Before his 20th Birthday (1911) Aicardi won, on merit, first the "Pensione Triennale" a Government sponsored three year bursary at the "Accademia Ligustica di Belle Arti" of Genoa, followed by the "Pensionato Quinquennale of Rome" a five-year bursary enabling him to study and paint in Florence and Rome.

==Early adulthood==
This was a pivotal period in his development in Rome and Florence where he studied the old masters and started forming important friendships with established painters, sculptors, and writers, during this period he produced many excellent drawings and paintings in the "Post Impressionists" style; completing his refinement in London, Paris and Madrid.

He was commissioned to paint frescos in palaces and churches, some of the work was to produce new frescos, but many were to restore existing frescos by old masters from fourteenth to the eighteenth century that had been damaged in the First World War or by time.
He went on to paint nudes, still life, marine, landscapes, portraits, and posters for advertising. At the same time Aicardi initiated his activity as an exhibitor; he held several exhibitions that took place in Italy and abroad.

Many of the commissions for frescos were awarded to Aicardi in Assisi (Umbria) and Urbino (Marche) by Piero Torriti, the superintendent to all art galleries for the Marche's region of Italy and a member of the Accademia Ligustica di Belle Arti.

==Adulthood==
In 1929 Giorgio Matteo Aicardi married Carmela Veruda, (at first one of his students and then his model) their happy union produced three children: Francesco, Ada and Giovanna, throughout his life Aicardi used his family for models. In 1938 Aicardi was elected, on merit, "professore" to the "Accademia Ligustica di Belle Arti" (painters class) followed by the Academy "Publio Virgilio Marone" in Bari and the "Latinanti Escoleangae" in Rome.

In 1950 Aicardi took part in the "Lavoro umano" exhibition in the former "Royal Palace" in Genoa and won the "Premio della Provincia" with his painting "Il lavoro nell'infanzia" which was bought by the then first Italian Prime Minister, Hon.

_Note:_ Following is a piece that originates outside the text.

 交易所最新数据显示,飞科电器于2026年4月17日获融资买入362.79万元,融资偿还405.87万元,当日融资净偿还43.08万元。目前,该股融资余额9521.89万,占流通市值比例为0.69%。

De Nicola for the Italian Government.

At the "Pro-Civitate Museum" in Assisi in the "Iconografia Cristiana" collections there is a photographic documentation of some of Aicardi's religious art work comprising: paintings, frescos and even religious banners.

Aicardi loved music, he trained and could play violin, guitar and piano. His other interests were boxing, "bocce" (the Italian version of "boules") to a good amateur level, he loved swimming and diving which he practiced to a ripe old age. Aicardi also has the merit of having translated Dante's "Divine Comedy" into the Genoise dialect. In later years Aicardi spent a considerable amount of time writing his memoirs.

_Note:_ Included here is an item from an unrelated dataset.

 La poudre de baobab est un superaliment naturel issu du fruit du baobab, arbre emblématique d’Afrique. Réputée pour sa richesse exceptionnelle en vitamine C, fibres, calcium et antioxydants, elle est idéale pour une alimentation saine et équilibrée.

Aicardi painted incessantly throughout his life right up to his death, among his Art, on 30 December 1984 in Genoa.

==Posthumous notes==
In 1986 a posthumous exhibition of Aicardi's paintings was held in his native Finalborgo at the "Chiostri di Santa Caterina" sponsored by Cassa di Risparmio di Savona. Among the various private art collectors in Genoa, Turin, Milan, Florence, Rome, Naples, Monte Carlo, etc. Mitchell Wolfson Jr. purchased one outstanding portrait by G.M. Aicardi: "Autoritratto del pittore con la sua famiglia" 1939, oil on canvas, for The Mitchell Wolfson Jr. Foundation Miami (Florida) and the "Wolfsoniana Fondazione Regionale Cristoforo Colombo" – Genoa (Italy).

Mitchell Wolfson Jr. acquired many of Aicardi's artwork and showed them in numerous exhibitions: 1996 "Aspetti dell'arte italiana tra le due guerre" at Palazzo Ducale – Genoa; 1999/2000 "La visione del prisma" at Palazzo Pilotta – Parma; 2001 "Parole e immagini futuriste" at New York University, NY, at Museo Italo Americano – San Francisco and Palazzo Ducale – Genoa; 2002 "Under Mussolini" Decorative and Propaganda Arts of the Twenties and Thirties at the "Estorick Collection" – London reinforcing the historical links that binds Liguria and Great Britain and revealed to the British public the richness of the region's cultural patrimony. Nowadays Aicardi's art can be found in museums, palaces, churches and private collections all over the world.